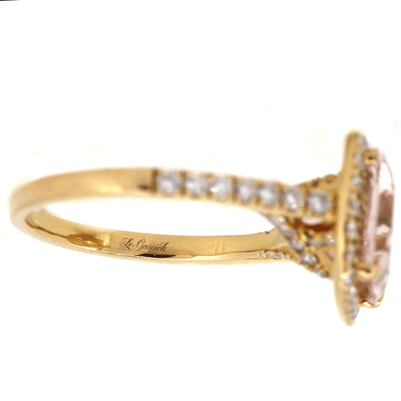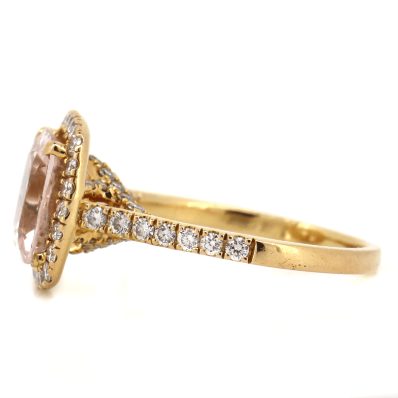 18K YELLOW GOLD, MORGANITE AND DIAMOND, HALO RING.
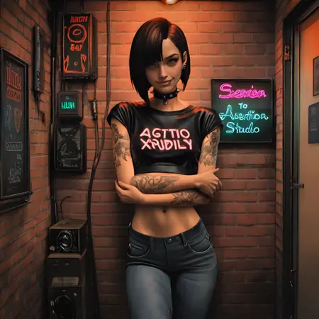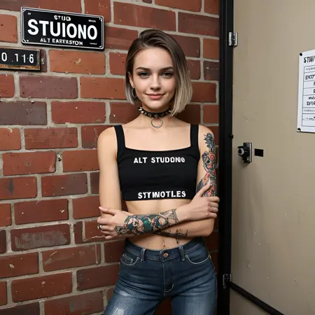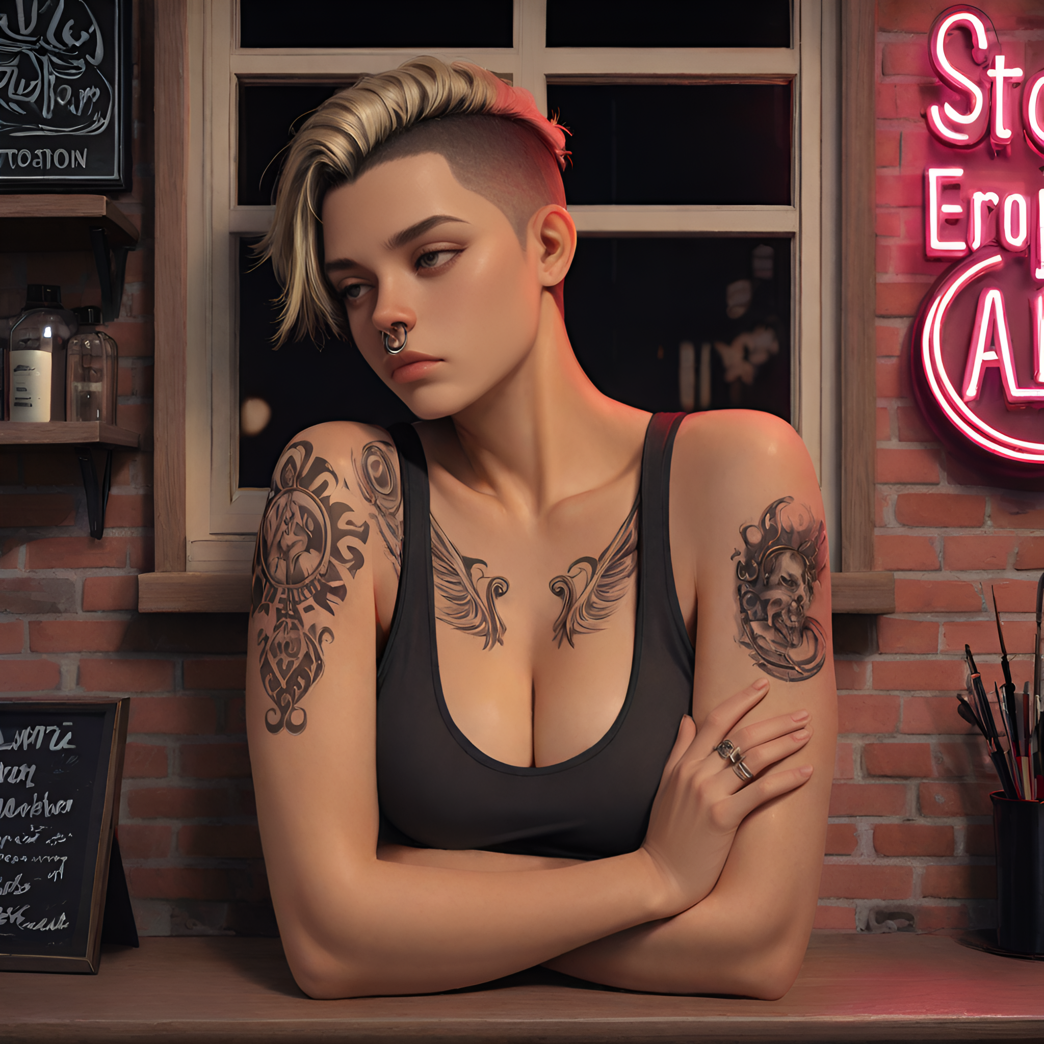 Built for SDXL workflows, this pack focuses on low-cut tanks and band tees with cleavage, chest and sleeve tattoos, piercings, combat boots, neon tattoo signs, brick walls, and sticker-covered counters. Perfect for alt character art, shop promos, and scene-building thumbnails with a strong subculture vibe.
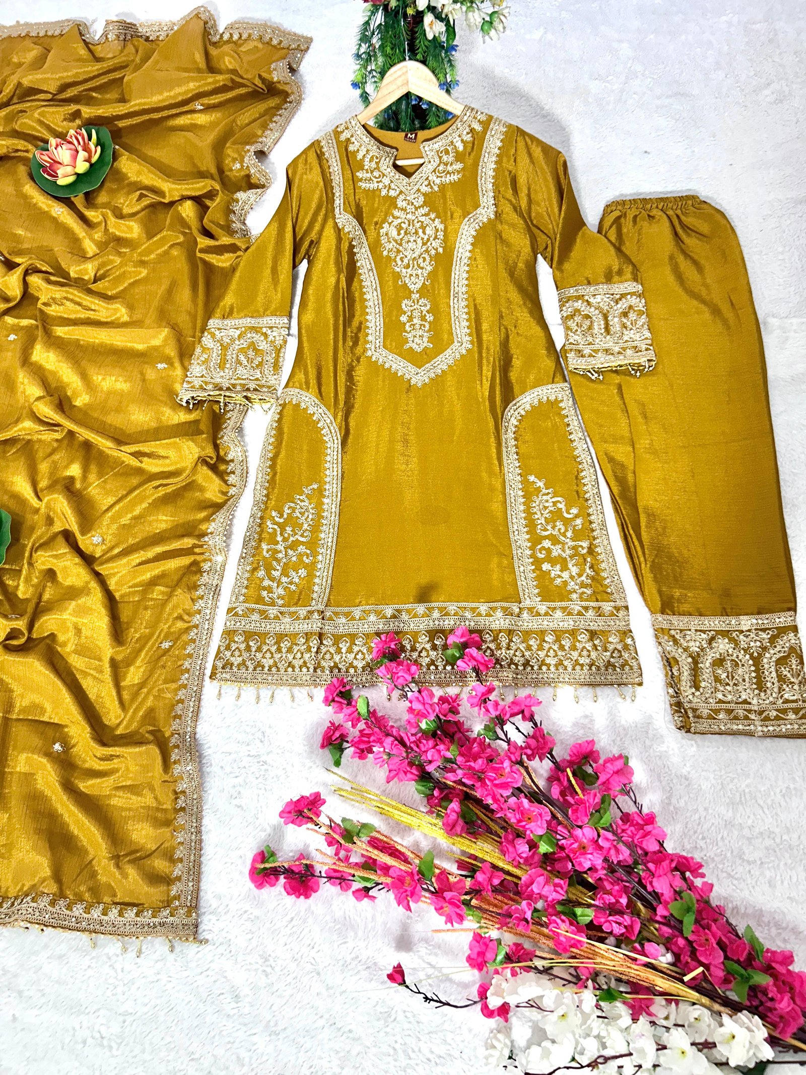 Kurti Fabric :- Pure Chinon Silk Fabric With Micro silk inner (Fully stitched)

# Assigned task:
Take every line of the material and copy it exactly, leaving out the pictures.

# The completed task:
 18K YELLOW GOLD, MORGANITE AND DIAMOND, HALO RING.
 Built for SDXL workflows, this pack focuses on low-cut tanks and band tees with cleavage, chest and sleeve tattoos, piercings, combat boots, neon tattoo signs, brick walls, and sticker-covered counters. Perfect for alt character art, shop promos, and scene-building thumbnails with a strong subculture vibe.
 Kurti Fabric :- Pure Chinon Silk Fabric With Micro silk inner (Fully stitched)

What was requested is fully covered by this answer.